Best Defense

Why I don’t like to be thanked for my service — and why getting out is good

I didn’t volunteer to make a sacrifice.


By Colonel David Gurney, U.S. Marine Corps (Retired)
Best Defense guest columnist

Like many others, I am faintly embarrassed every time I am thanked for my service by well-meaning people.  Thank you, but truly, it’s nonsense.

Honestly, that’s not why I signed up. Many of us wanted adventure, jets, travel, and freedom from working at U.S. Steel as a journeyman metallurgical engineer. Risk was as unimportant to me as health care insurance. That was stuff for old people.

I didn’t volunteer to make a sacrifice. NASCAR drivers face far worse odds than I did flying jets. Do we thank Danica Patrick for her service?  Of course not, but she thanked me. Her risks are also voluntary and she would be nowhere else.

The armed forces offered me and like-minded, able-bodied Americans exposure to far greater responsibility, education, adventure, leadership, and personal risk at an earlier age than any other walk of life. And that is what so many of us craved. We didn’t bear the burden of our calling — that was carried by our parents and later by our spouses.

The second-greatest service that the Department of Defense provides our nation is a blood transfusion of responsible, disciplined patriots to a civilian world desperately in need of them.
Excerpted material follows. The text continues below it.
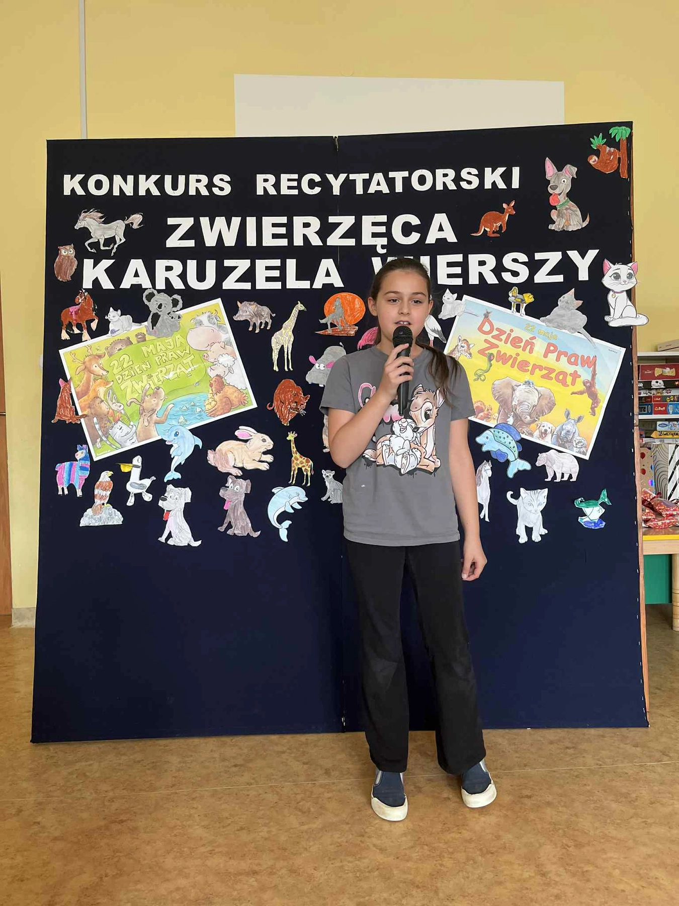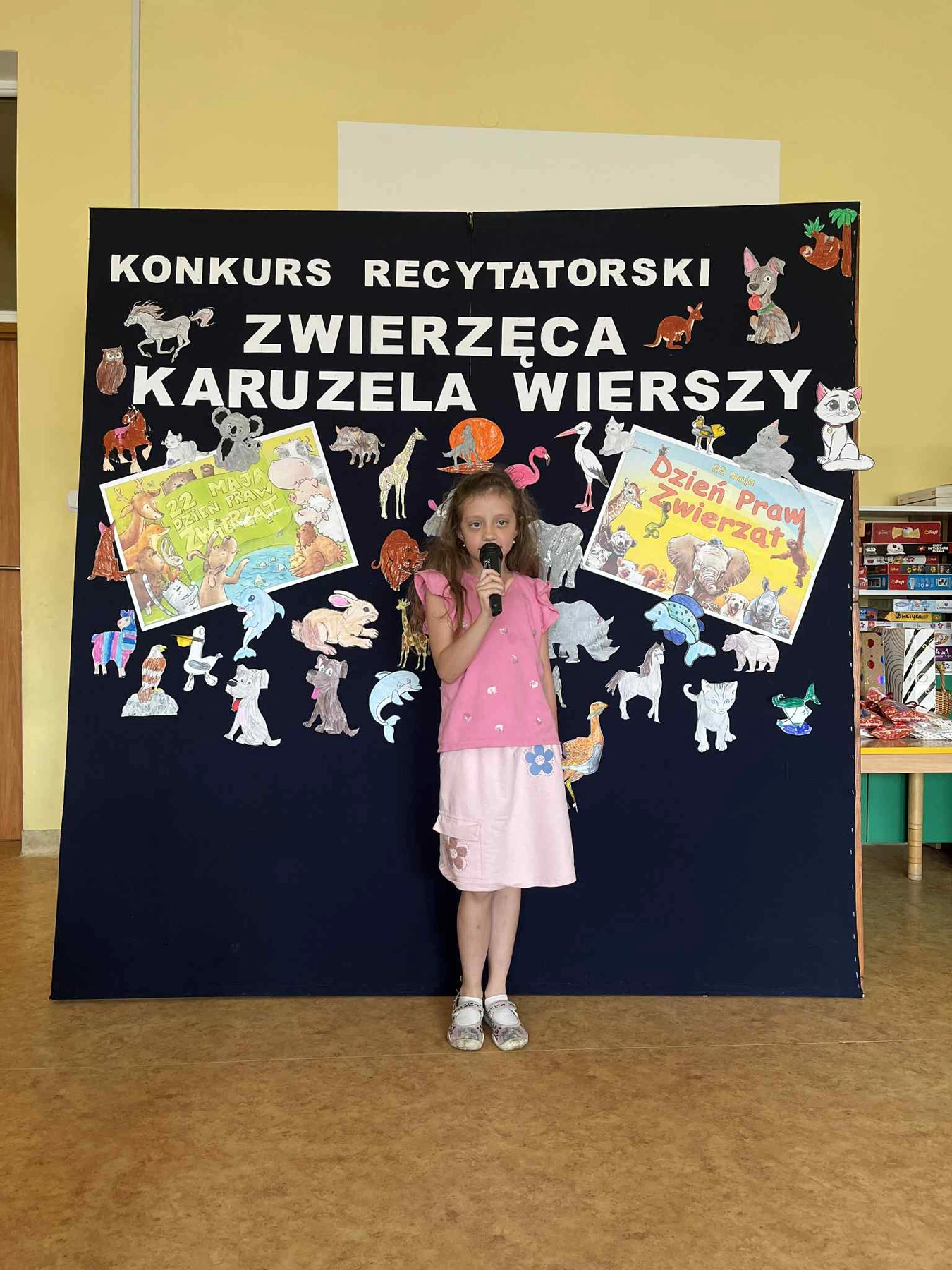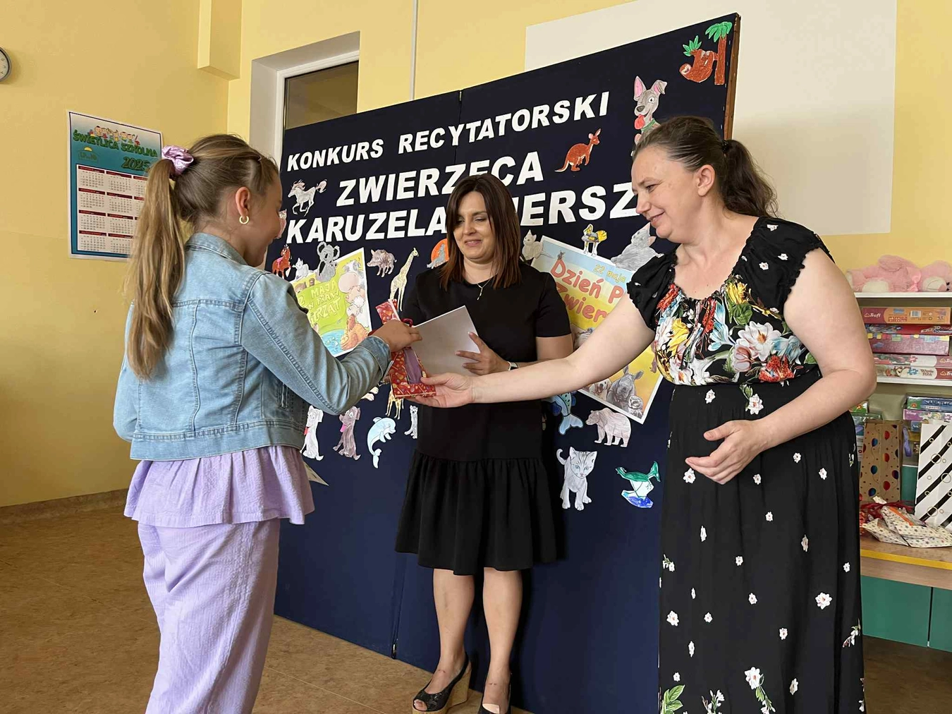 W dniu 05.06.2025r. odbył się świetlicowy konkurs recytatorski pt. ,,Zwierzęca karuzela wierszy”. Jury w składzie: Pani Dyrektor Magdalena Kusibab , Pani Aleksandra Gruszecka, Pani Anita Milas, po burzliwej naradzie wyłoniło zwycięzców:

It has now been 11 years since I retired from the Marine Corps. I have come to think that military personnel should enter private industry as fast as they possibly can after a satisfying government service, no matter their rank. The ability to build teams, to inspire employees and colleagues to success, and to manage risk is an art the corporate world needs desperately — and rewards well. Former military personnel cut through the civilian world like hot knives through butter at every level. In the oil industry, I seek to hire veterans for all openings and have yet to be disappointed.

The economic instrument of national power is fundamental to all others in our nation’s portfolio. Our armed forces are unacknowledged engines of national vigor and growth. So when I read of military manpower management policies driving out talent, I am not alarmed. I think it is a good thing. Our country benefits coming and going, as do we.

Colonel David Gurney was a Harrier pilot in the Marine Corps. He is now vice president of a small oil company.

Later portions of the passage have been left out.